What’s new in small cell lung cancer research and treatment?
Prevention offers the greatest opportunity to fight lung cancer. Although decades have passed since the link between smoking and lung cancers became clear, smoking is still responsible for at least 80% of lung cancer deaths, and this percentage is likely even higher for small cell lung cancers. Research is continuing on:
- Ways to help people quit smoking and stay quit through counseling, nicotine replacement, and other medicines
- Ways to convince young people to never start smoking
- Inherited differences in genes that may make some people much more likely to get lung cancer if they smoke or are exposed to someone else’s smoke
Researchers also continue to look into some of the other causes of lung cancer, such as exposure to radon and diesel exhaust. Finding new ways to limit these exposures could potentially save many more lives.
Diet, nutrition, and medicines
Researchers are looking for ways to use vitamins or medicines to prevent lung cancer in people at high risk, but so far none have been shown conclusively to reduce risk.
Some studies have suggested that a diet high in fruits and vegetables may offer some protection, but more research is needed to confirm this. While any protective effect of fruits and vegetables on lung cancer risk is likely to be much less than the increased risk from smoking, following the American Cancer Society dietary recommendations (such as maintaining a healthy weight and eating a diet high in fruits, vegetables, and whole grains) may still be helpful.

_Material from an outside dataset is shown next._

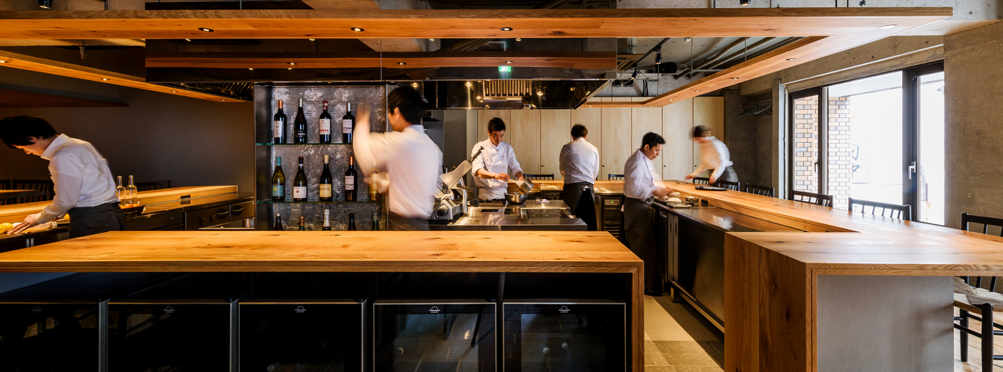 オープンキッチンのため、調理シーン・盛り付け・サービスの瞬間にも密着可能。
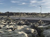 A rugged landscape in Iceland, showcasing the unique natural environment. The clear sky and contrasting clouds create a picturesque backdrop for the coastal and highland formations. A road winds through the mountains and lava fields, surrounded by vegetation and grass surfaces.

As mentioned in the section “Can small cell lung cancer be found early?”, a large clinical trial called the National Lung Screening Trial (NLST) found that spiral CT scans in people at high risk of lung cancer (due to smoking history) lower the risk of death from lung cancer, when compared to chest x-rays. This finding has led to the development of screening guidelines for lung cancer.
Another approach now being studied uses newer, more sensitive tests to look for cancer cells in sputum samples. Researchers have found several changes often seen in the DNA of lung cancer cells. Current studies are looking at new tests that can spot these DNA changes to see if they can find lung cancers at an earlier stage.
Also known as autofluorescence bronchoscopy, this technique may help doctors find some lung cancers earlier, when they may be easier to treat. For this test, the doctor inserts a bronchoscope through the mouth or nose and into the lungs. The end of the bronchoscope has a special fluorescent light on it, instead of a normal (white) light.
The fluorescent light causes abnormal areas in the airways to show up in a different color than healthy parts of the airway. Some of these areas might not be visible under white light, so the color difference may help doctors find these areas sooner. Some cancer centers now use this technique to look for early lung cancers, especially if there are no obvious tumors seen with normal bronchoscopy.
This imaging test uses CT scans to create detailed 3-dimensional pictures of the airways in the lungs. The images can be seen as if the doctor were actually using a bronchoscope.
Virtual bronchoscopy has some possible advantages over standard bronchoscopy. First, it is non-invasive and doesn’t require anesthesia. It also helps doctors look at some airways that might not be seen with standard bronchoscopy, such as those being blocked by a tumor. But it has some drawbacks as well. For example, it doesn’t show color changes in the airways that might indicate a problem. It also doesn’t let a doctor take samples of suspicious areas like bronchoscopy does. Still, it may be a useful tool in some situations, such as in people who might be too sick to get a standard bronchoscopy.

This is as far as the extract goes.